The vast majority of Taiwan's best friends in Congress easily won reelection and some new pro-Taipei members may more than offset the losses, they say.
"I'm going to sleep like a baby tonight," said Coen Blaauw, the executive director of the Formosan Association of Public Affairs (FAPA), just before the polls closed.
The surprising Republican takeover of the Senate is likely to work in Taiwan's favor, especially in view of the Bush administration's favorable policy toward Taipei.
"The administration will have more flexibility with a Republican Senate than without one," notes John Tkacik, Asian research fellow at the Heritage Foundation.
"If the administration is pro-Taiwan and has a Republican Senate, that enhances the administration's broader foreign policy, of which Taiwan is a part," Tkacik said.
The switch will also mean a sweeping shift in power of Senate committees. In the Foreign Relations Committee, Senator Richard Lugar is expected to be named chairman, replacing Joseph Biden, who was definitely cool to Taiwan issues.
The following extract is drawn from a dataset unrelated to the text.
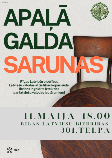 Rīgas Latviešu biedrības (RLB) Latviešu valodas attīstības kopa (LVAK) turpina tradīciju un aicina ikvienu valodas draugu un interesentu uz kārtējo ikmēneša Latviešu valodas attīstības kopas tikšanos. Šī gada 11. maijā plkst. 18.00 RLB nama 301. telpā norisināsies Apaļā galda sarunas, kur brīvā un atvērtā gaisotnē būs iespēja diskutēt par latviešu valodas jautājumiem Lasīt vairāk ... |

While Lugar is not as supportive of Taiwan as Jesse Helms, who held the chairmanship until the summer of 2001, Lugar is "better than Biden," one observer noted.
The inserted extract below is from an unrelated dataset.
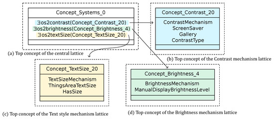 As previously shown, in our framework, the RCF is composed of a central formal context, describing operating systems, together with four formal contexts describing the different mechanisms and relations connecting the operating systems to the mechanism implementations. This is reproduced at the level of lattices. The central concept lattice, shown in Figure 8, combines information given in the different concept lattices defined for the different mechanisms. Its top concept () shows the relational attributes that are common to all studied systems. One example is relational attribute which indicates that all operating systems have at least one link towards an object in . This means that all operating systems have accessibility options that concern the contrast mechanism. More informative relational attributes will be presented hereafter.

Lugar is described by one congressional observer as "reasonably pro-Taiwan, not a fervent anti-Communist."
In the House, the four co-chairmen of the Congressional Taiwan Caucus, which was formed last spring, all won re-election. Virtually all of the caucus' 117 members who sought reelection won.
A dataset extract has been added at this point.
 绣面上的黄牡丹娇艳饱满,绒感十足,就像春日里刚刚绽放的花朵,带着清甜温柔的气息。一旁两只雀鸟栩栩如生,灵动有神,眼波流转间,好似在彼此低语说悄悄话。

Benjamin Gilman, who long championed Taiwan causes as chairman of the House International Relations Committee, decided not to seek reelection, as did Helms.
Other losses include Frank Murkowski of Alaska, who ran for governor of his state and won, and Democrat Robert Torricelli, who retired from the Senate.
Nevertheless, Congress will remain solidly supportive of Taiwan issues, said Blaauw.
"I think there is unanimous support for Taiwan in both houses," he said.
However, he and other supporters of Taiwan are looking for something more.
"We are looking at people who are willing to go the extra mile for Taiwan," he says.
Among the pluses, Blaauw says, are the likely elevation of Republican Dana Rohrabacher to the chairmanship of the House International Affairs Committee subcommittee on East Asia and the Pacific. Rohrabacher is the "prima donna in US-Taiwan relations," Blaauw says.
Committee chairman Jim Leach is expected to take over the Middle East subcommittee from Gilman.
The election of Elizabeth Dole to replace Helms in the Senate represented a potentially important advance for Taiwan's interests.
Dole's husband, former Senate leader Bob Dole, is one of Taiwan's leading advocates in Washington, having become the top lobbyist for the Taipei Economic and Cultural Relations Office after his 1996 presidential defeat.
It is expected that his wife will maintain that allegiance. It will also continue what one observer called the "Traditional Helms-Dole North Carolina commitment to Taiwan."
Also cheering the Taiwan camp were the easy reelection of such earlier uncertainties as Taiwan-born Oregon Democrat David Wu, and Ohio Democrat Sherwood Brown, the author of annual resolutions pledging US support for Taiwan's role in the World Health Organization.